According to CFO Pasek, somewhere between 20 percent and 25 percent of Altera’s revenues come from the compute, network, and storage business. Call it $500 million for a nice round number. This maps directly to Intel’s Data Center Group, which had $14.4 billion in sales last year. The Altera contribution is a drop in the bucket, unless you reckon that every accelerated workload costs Intel lost Xeon processor sales. Another 20 percent to 25 percent of Altera’s revenues come from companies that make embedded and defense products, but somewhere between 40 percent and 45 percent of revenues – call it a cool $1 billion – come from sales of FPGA devices to makers of telecommunications gear. This is real money to the Data Center Group, and being able to sell hybrid X86-FPGA compute to such customers could help Intel cope with the ARM vendors who are also talking up their hybrid capabilities and entering the market in earnest this year.
Intel has been willing to spend money to buy its way into the datacenter networking business, but nothing on the scale of a potential deal to buy Altera. Intel got into datacenter networking by acquiring Ethernet switch chip maker Fulcrum Microsystems for an undisclosed sum back in July 2011. (Probably in excess of the $102 million in five rounds of funding that Fulcrum took down.) Then in January 2012, Intel bought the InfiniBand switch and adapter business from QLogic for $125 million. The current 40 Gb/sec InfiniBand products are sold under the True Scale brand and are the foundation of the future Omni-Path interconnect that Intel will ship in the second half of this year. Intel followed this up with a $140 million deal in April 2012 to acquire the “Gemini” and “Aries” supercomputer interconnects from Cray, as we suspect that some of the smarts of the engineers who worked on those products (who have been under the employ of Intel for the past three years) are going into the Omni-Path line, too.
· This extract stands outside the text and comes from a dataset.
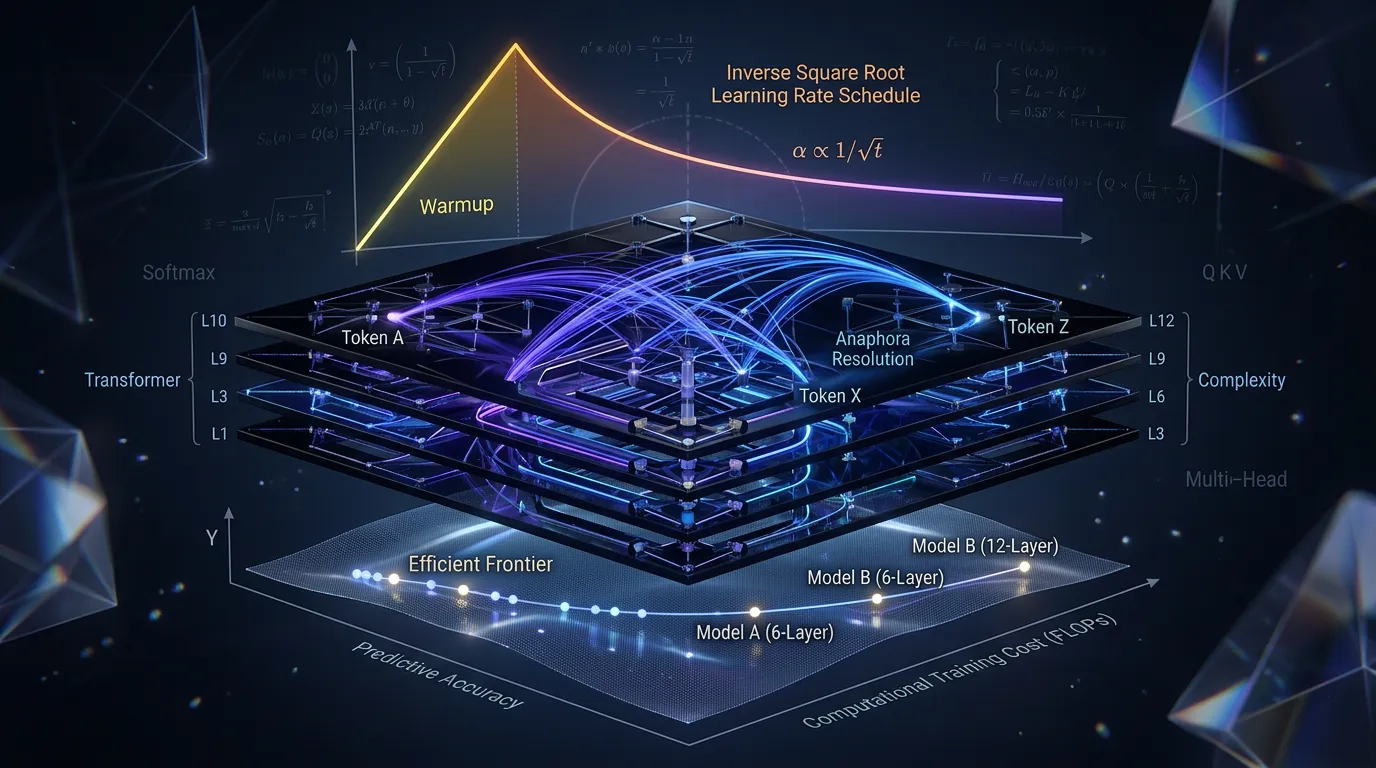 Analyze Transformer Pareto efficiency on WMT benchmarks. Learn to optimize training with custom LR schedulers and visualize emergent linguistic structures.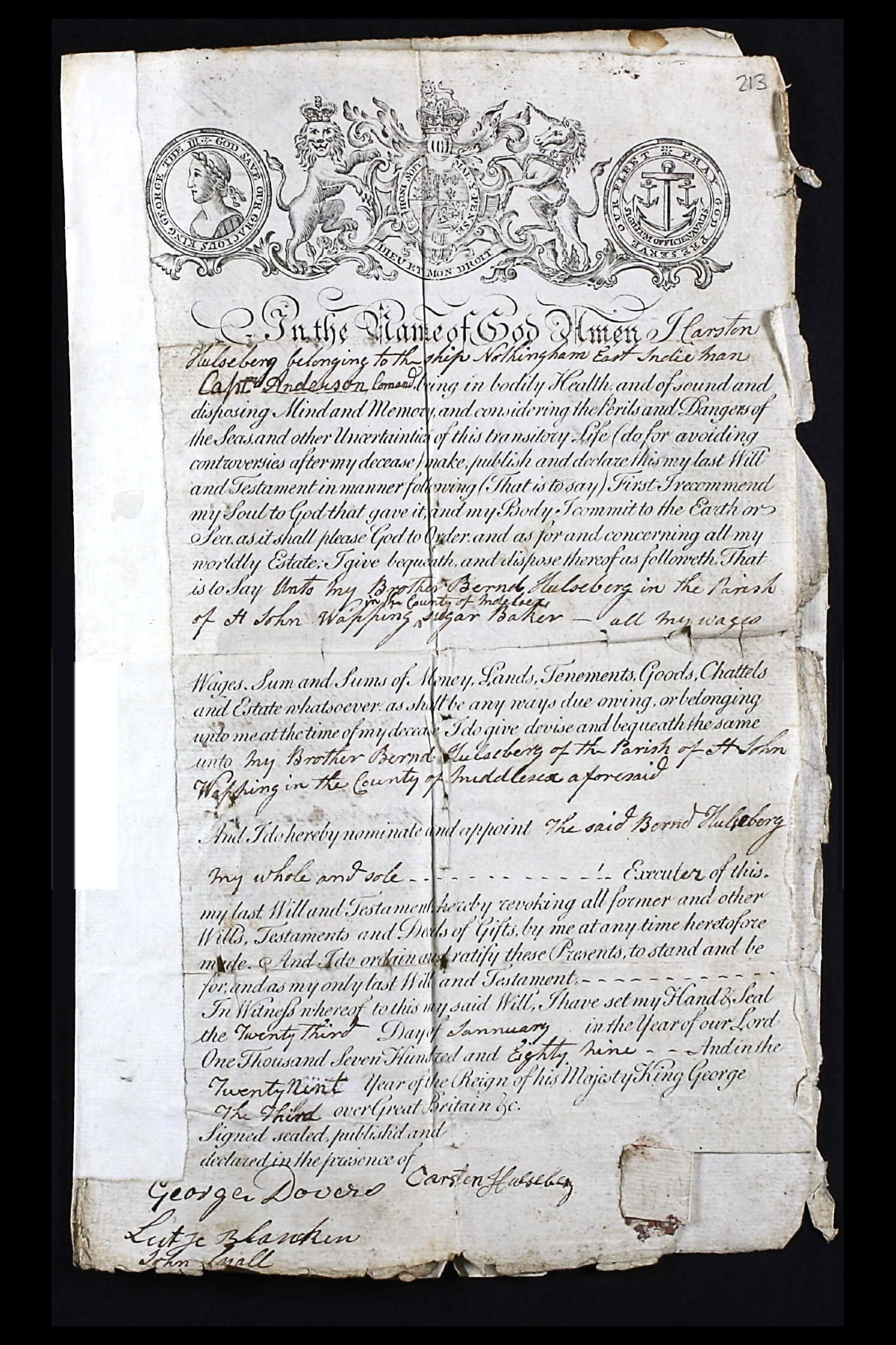 In addition, a "Carston Hulseberg" wrote a will, dated 23rd of January 1789, leaving everything to his brother, Bernard, a "sugar baker" in Wapping. The basic will is pre-printed with additions in pen. (Note the anchor emblem top right, "Pray God Preserve Our Fleet", which presumably a standard-issue will-form for sailors?). The handwriting is a little awkward and hesitant, with mispellings ("Jannuary") and amendments. The occasion for writing the will appears to be because Carston was setting out on an East Indiaman ["Indieman"], the Nottingham ["Nothingham"?], commanded by Captain Anderson.

Suffice it to say, Intel has plenty of engineering here. (Although it is not clear if Intel is yet fabbing its acquired networking chips.)
Here is the funny thing about the networking and embedded markets where FPGAs sell well. Most of the ASICs that are used in the markets that compete against FPGAs are nowhere near the leading edge in terms of manufacturing processes. Take a look at this chart Pasek showed, which pits programmable logic devices of all kinds (including but not limited to FPGAs) against ASICs:
As Pasek put it, as the cost of etching fixed function devices keeps rising, the benefit of programmable logic gets even more compelling. Pasek said that the tipping point where an FPGA was the same physical size as an ASIC happened only six years ago, and that was when FPGAs hit 40 nanometers and the most common ASICs used outside of PCs and servers were at the 130 nanometer node. “We are now at three and four and soon to be five nodes ahead of most common ASICs,” Pasek explained. “The most common ASICs starts are at 90 nanometers and that is because most people can’t afford to do leading edge devices unless they have very high volumes.”
Unless, of course, you are Altera and you get acquired by Intel and your parent company wants to take a bigger chunk out of the $63 billion accessible market for ASICs and ASSPs (similar application-specific chips that are not technically ASICs), which dwarfs the $5 billion market for programmable logic devices. Any place one of Intel’s existing server CPUs or networking ASICs might not play, an FPGA might.